### EXERCISE INPUT
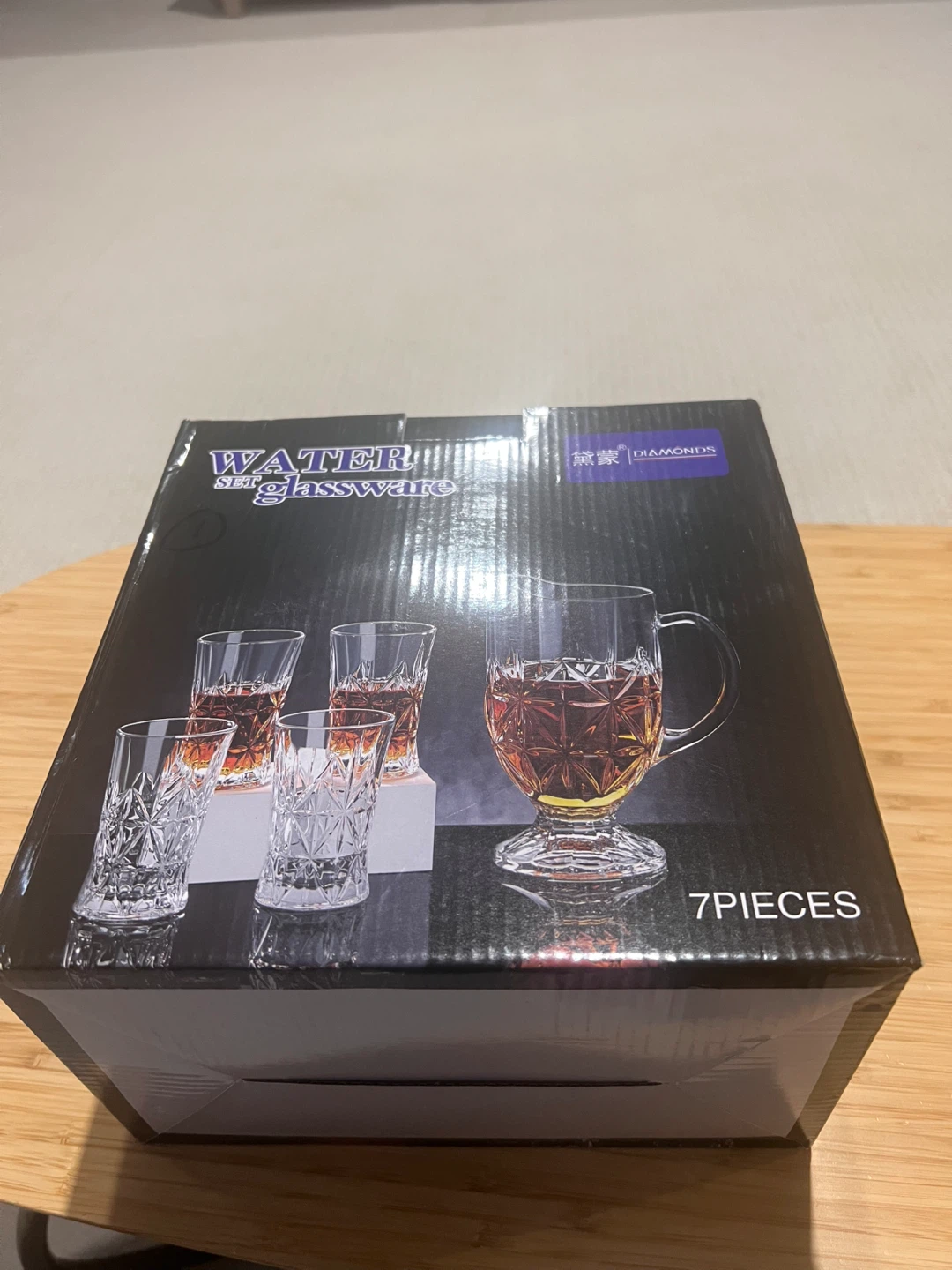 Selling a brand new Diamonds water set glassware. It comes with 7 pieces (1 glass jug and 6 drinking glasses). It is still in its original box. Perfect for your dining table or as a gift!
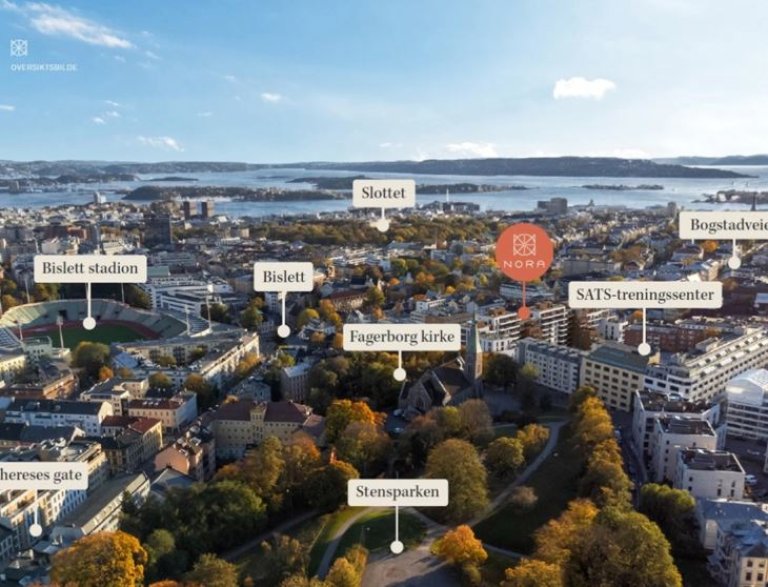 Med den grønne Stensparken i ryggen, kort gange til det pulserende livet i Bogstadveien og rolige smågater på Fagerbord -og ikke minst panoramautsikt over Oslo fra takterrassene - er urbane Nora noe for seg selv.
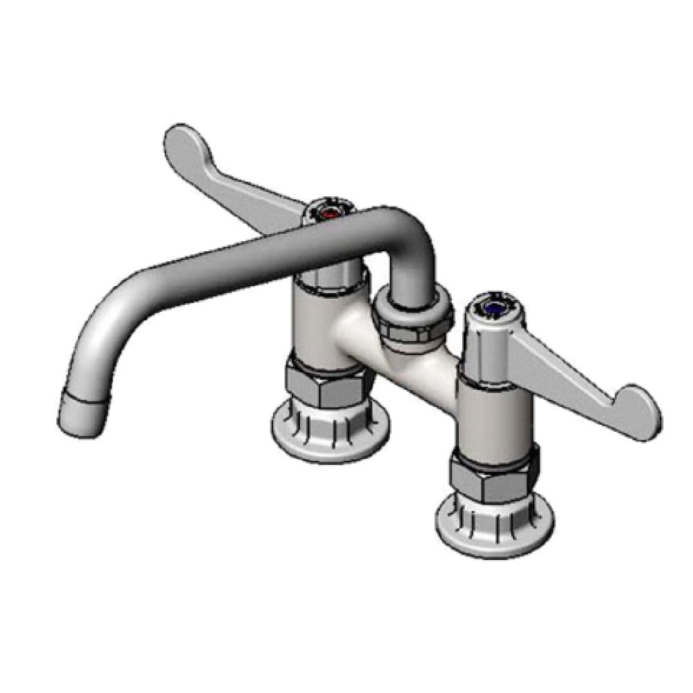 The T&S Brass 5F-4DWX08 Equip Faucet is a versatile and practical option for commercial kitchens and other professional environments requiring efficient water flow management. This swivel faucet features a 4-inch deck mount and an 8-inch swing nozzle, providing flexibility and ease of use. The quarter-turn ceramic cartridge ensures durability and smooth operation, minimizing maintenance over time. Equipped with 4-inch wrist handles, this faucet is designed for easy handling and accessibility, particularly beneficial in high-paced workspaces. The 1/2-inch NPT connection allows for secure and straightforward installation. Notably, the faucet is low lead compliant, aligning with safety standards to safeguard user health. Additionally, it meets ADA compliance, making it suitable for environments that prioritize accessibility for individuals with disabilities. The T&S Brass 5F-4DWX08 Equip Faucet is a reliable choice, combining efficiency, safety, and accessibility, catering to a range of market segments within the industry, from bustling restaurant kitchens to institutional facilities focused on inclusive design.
==
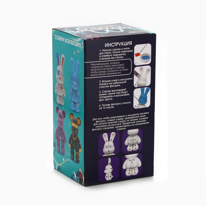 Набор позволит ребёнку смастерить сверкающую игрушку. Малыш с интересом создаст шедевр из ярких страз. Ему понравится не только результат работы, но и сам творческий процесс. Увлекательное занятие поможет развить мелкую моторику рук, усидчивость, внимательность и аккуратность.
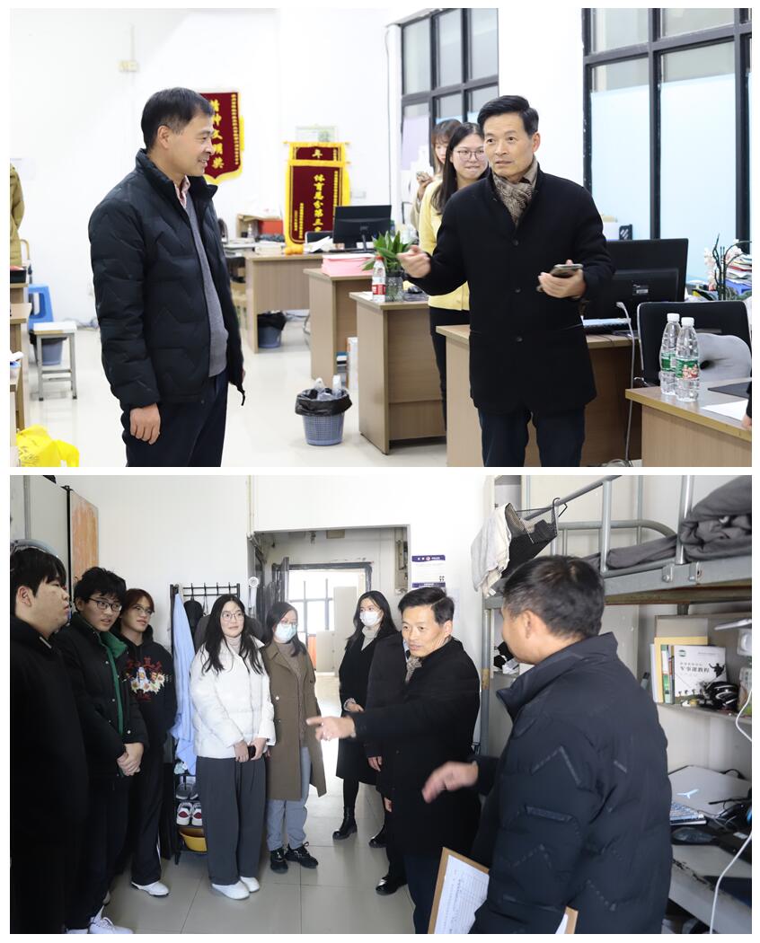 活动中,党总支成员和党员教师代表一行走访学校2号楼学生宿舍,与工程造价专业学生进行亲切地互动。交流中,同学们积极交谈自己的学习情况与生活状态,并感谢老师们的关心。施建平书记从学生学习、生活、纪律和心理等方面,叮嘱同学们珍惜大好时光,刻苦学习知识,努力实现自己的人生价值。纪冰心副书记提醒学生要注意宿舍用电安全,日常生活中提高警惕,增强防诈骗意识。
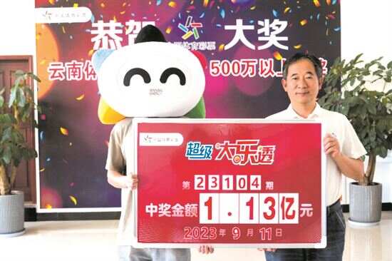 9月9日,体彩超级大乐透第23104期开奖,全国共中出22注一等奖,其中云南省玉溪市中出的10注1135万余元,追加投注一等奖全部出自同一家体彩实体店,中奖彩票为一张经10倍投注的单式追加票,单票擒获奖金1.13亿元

### WORK REQUEST
Copy the entries above exactly, but only the stretch from the line containing "活动中,党总支成员和党员教师" through the line containing "9月9日,体彩超级大乐透第2". Keep both end lines; drop the pictures.

### ANSWER SPACE
 活动中,党总支成员和党员教师代表一行走访学校2号楼学生宿舍,与工程造价专业学生进行亲切地互动。交流中,同学们积极交谈自己的学习情况与生活状态,并感谢老师们的关心。施建平书记从学生学习、生活、纪律和心理等方面,叮嘱同学们珍惜大好时光,刻苦学习知识,努力实现自己的人生价值。纪冰心副书记提醒学生要注意宿舍用电安全,日常生活中提高警惕,增强防诈骗意识。
 9月9日,体彩超级大乐透第23104期开奖,全国共中出22注一等奖,其中云南省玉溪市中出的10注1135万余元,追加投注一等奖全部出自同一家体彩实体店,中奖彩票为一张经10倍投注的单式追加票,单票擒获奖金1.13亿元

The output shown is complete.